Heartbeats keep the cluster honest: the server sends PING every 10 s during
recording; any client that hears nothing for 30 s auto-stops, so a crashed
server doesn't quietly fill SD cards.
The pre-flight check flags any Pi whose clock is off by more than ~100 ms
(tunable via SQUEAKSHOT_PREFLIGHT_CLOCK_SKEW_MS), since skew directly
degrades sync quality.
- Raw on Pi:
~/camera_videos/<camN>_<animal>_<project>.{h264,pts} - Raw pulled to desktop:
~/SqueakShot_Videos/raw/*.{h264,pts} - Encoded locally:
~/SqueakShot_Videos/encoded/*.mp4 - Synced (frame-matched across cameras):
~/SqueakShot_Videos/synced/*.mp4 - Trimmed (final clipped clips):
~/SqueakShot_Videos/trimmed/*.mp4
output_width×output_height: actual recorded resolution (default 1536×864)sensor_width×sensor_height: leave at 2304×1296 to keep full lens FOVframerate: 56 fps is the maximum for the binned 2304×1296 sensor mode on the IMX708bitrate_mbps: 25 is plenty for 1536×864; raise for full-res
The ISP downscale trick: the camera reads the same 2304×1296 binned sensor
mode (full FOV) regardless of output_width/output_height, and the IMX708
ISP scales down before the encoder sees it. So lowering output_* reduces
encoder load and bandwidth, but keeps the lens view.
Changing these in the Settings tab updates the controller's config; click
Deploy to Pis there to copy them to every camera and restart the record
service so they take effect.

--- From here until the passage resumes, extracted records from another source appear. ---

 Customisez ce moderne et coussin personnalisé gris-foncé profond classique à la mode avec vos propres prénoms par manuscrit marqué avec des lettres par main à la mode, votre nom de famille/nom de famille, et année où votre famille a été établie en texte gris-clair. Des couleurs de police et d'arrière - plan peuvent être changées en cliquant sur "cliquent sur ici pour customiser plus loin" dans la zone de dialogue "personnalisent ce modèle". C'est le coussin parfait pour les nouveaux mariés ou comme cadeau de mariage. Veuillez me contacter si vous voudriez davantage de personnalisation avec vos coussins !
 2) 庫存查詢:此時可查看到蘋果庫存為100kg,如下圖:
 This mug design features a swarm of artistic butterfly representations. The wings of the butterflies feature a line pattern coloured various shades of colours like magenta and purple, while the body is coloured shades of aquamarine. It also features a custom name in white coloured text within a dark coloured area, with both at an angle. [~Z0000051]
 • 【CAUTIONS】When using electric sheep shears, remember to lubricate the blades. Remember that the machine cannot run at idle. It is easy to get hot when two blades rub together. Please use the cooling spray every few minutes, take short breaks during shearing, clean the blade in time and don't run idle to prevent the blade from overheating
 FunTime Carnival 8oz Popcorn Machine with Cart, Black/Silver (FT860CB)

This is the same operation as re-running
pi-deploy/install.sh, but in-place from the GUI.
SqueakShot/
├── SqueakShot.sh / .bat / .command # launchers
├── setup.sh / .bat # interactive config
├── environment.yml # conda/mamba env for the controller
├── controller/
│ ├── camera_controller.py # Flask app
│ ├── sync_lib.py # shared N-camera frame-matching algorithm
│ ├── camera_config.example.json # template config
│ ├── requirements.txt # pip fallback deps
│ └── templates/controller.html # web UI
├── pi-deploy/
│ ├── sync_capture.py # capture service (multi-client server / client)

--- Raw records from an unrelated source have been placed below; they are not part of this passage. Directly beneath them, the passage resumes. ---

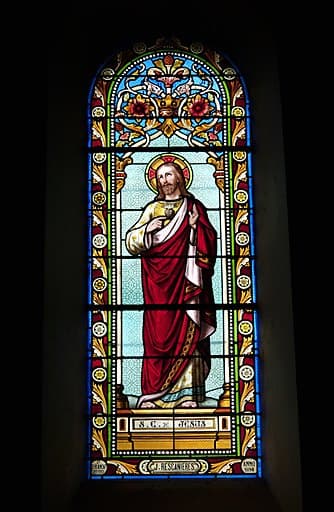 POP | Plateforme ouverte du patrimoineensemble de 4 verrières à personnages (baies 0, 2 à 6) : Saint Martial en buste, Christ du Sacré-Coeur, Saint Louis portant la couronne d'épines et Saint Antoine de Padoue et l'Enfant Jésus
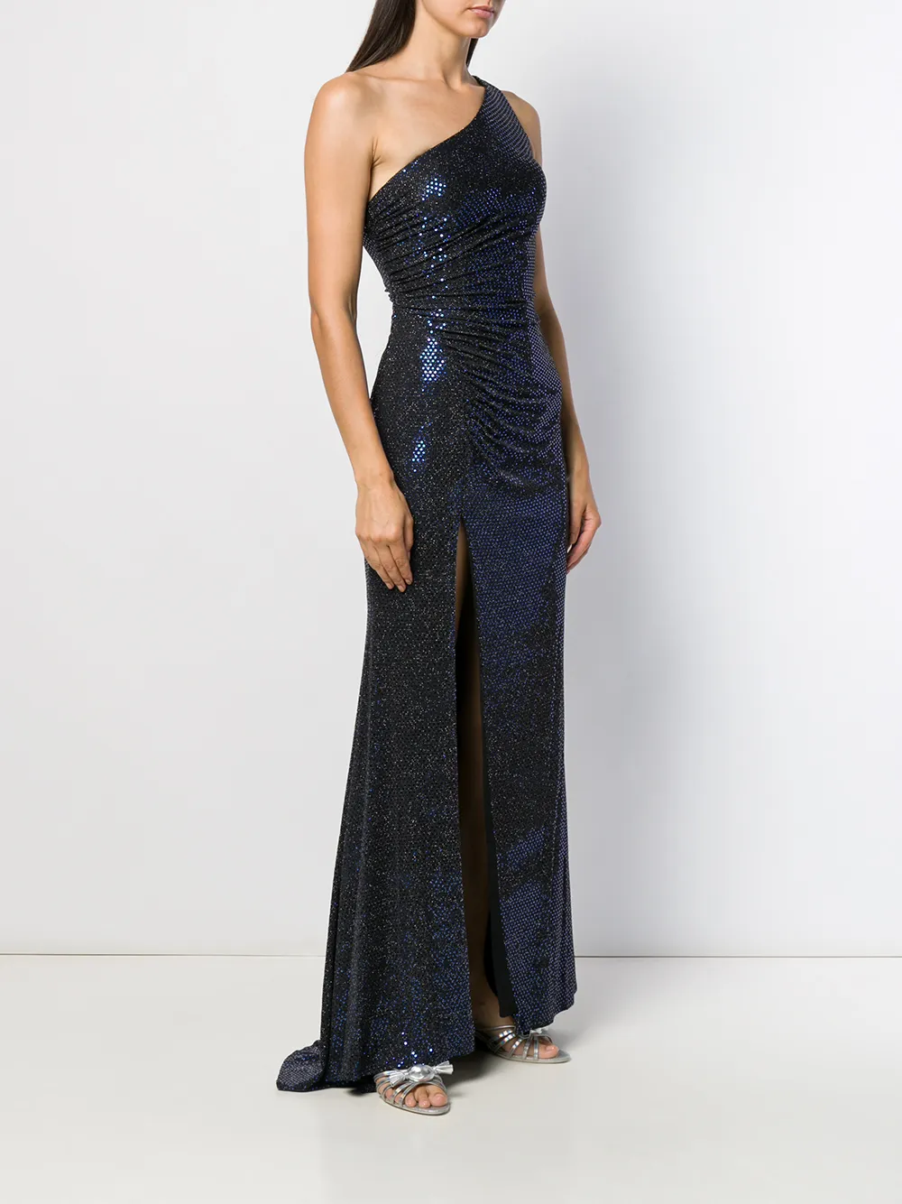 Длинное платье на одно плечо от Blanca, асимметричная горловина, модель на одном плече, открытая спина, детали с рюшами и боковой разрез
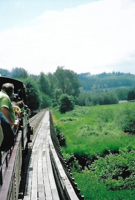 We crossed the 1,083 foot wooden trestle bridge nearing MP 9.7, the end of the journey before the return ride.
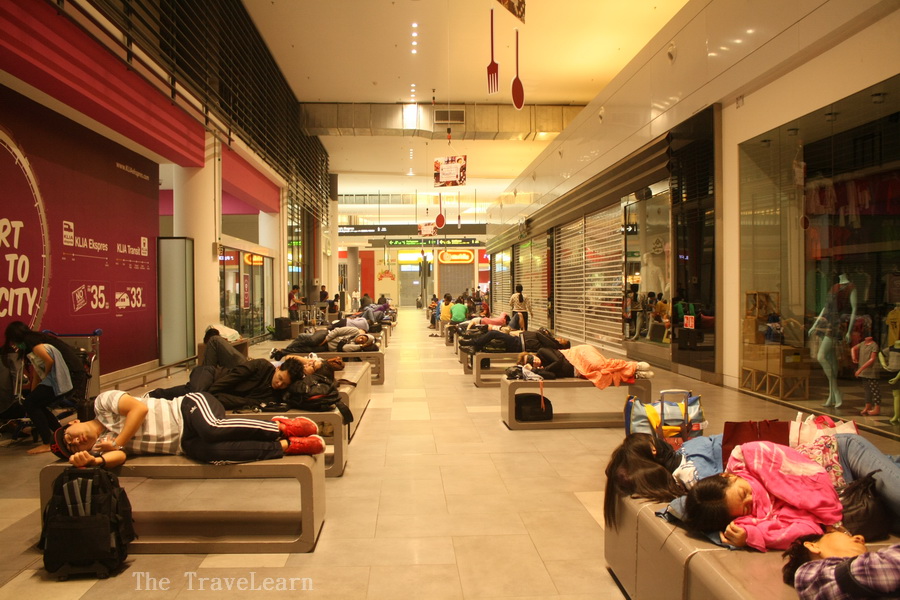 Ya udah, akhirnya gue kelarin makan malam di KFC sambil menunggu handphone terisi penuh. Setelah itu, gue berjalan menuju sebuah lapak lesehan dan bangku-bangku panjang yang ada di samping Old Town White Coffee dan Celcom. Ada banyak calon dan mantan penumpang yang beristirahat di situ. Dari yang sekedar duduk-duduk ganteng sambil memainkan gadget, sampai yang tidur ngampar di atas karpet dan udah nggak peduli gimana rupanya.

│ ├── camera_preview.py # MJPEG preview server
│ ├── install.sh # deploys to every camera in config
│ ├── README.md # Pi-side files reference + manual deploy notes
│ └── services/
│ ├── squeakshot-record.service.template
│ └── squeakshot-preview.service.template
├── tools/
│ └── sync_videos.py # standalone offline sync tool (GUI + CLI)
│ # — usable without the controller, e.g. for
│ # post-hoc resync of older recordings
├── docs/
│ └── SqueakShotIcon2.png # project logo (README header + controller UI)
├── INSTALL.md # full installation walkthrough
├── QUICKSTART.md # day-to-day usage
├── DEPLOYMENT_HISTORY.md # field notes
├── CHANGELOG.md
└── README.md
Cameras show as offline. Check that ssh user@ip from your desktop works
without a password (set up keys with ssh-copy-id).
Preview shows "not active". The record service blocks the camera. Click "Start Previews" on the Preview tab — it stops the record service first.
Recording errors with "Clients did not ack". Check that the
squeakshot-record service is running on every client Pi:
ssh user@cam1 'sudo systemctl status squeakshot-record'If it shows "Permission denied" on systemctl from the controller, re-run
pi-deploy/install.sh to set up the passwordless sudo rule.
Sync quality is "Fair" or worse. Check whether one camera is dropping frames (compare per-camera frame counts in the analysis output). Common causes: under-volted Pi (check thermal cards in Recording tab), CPU throttling, SD card too slow.
Settings changes don't take effect. Editing settings in the GUI only
updates the controller's config. Use Deploy to Pis on the Settings tab (or
re-run pi-deploy/install.sh) to push them to the cameras.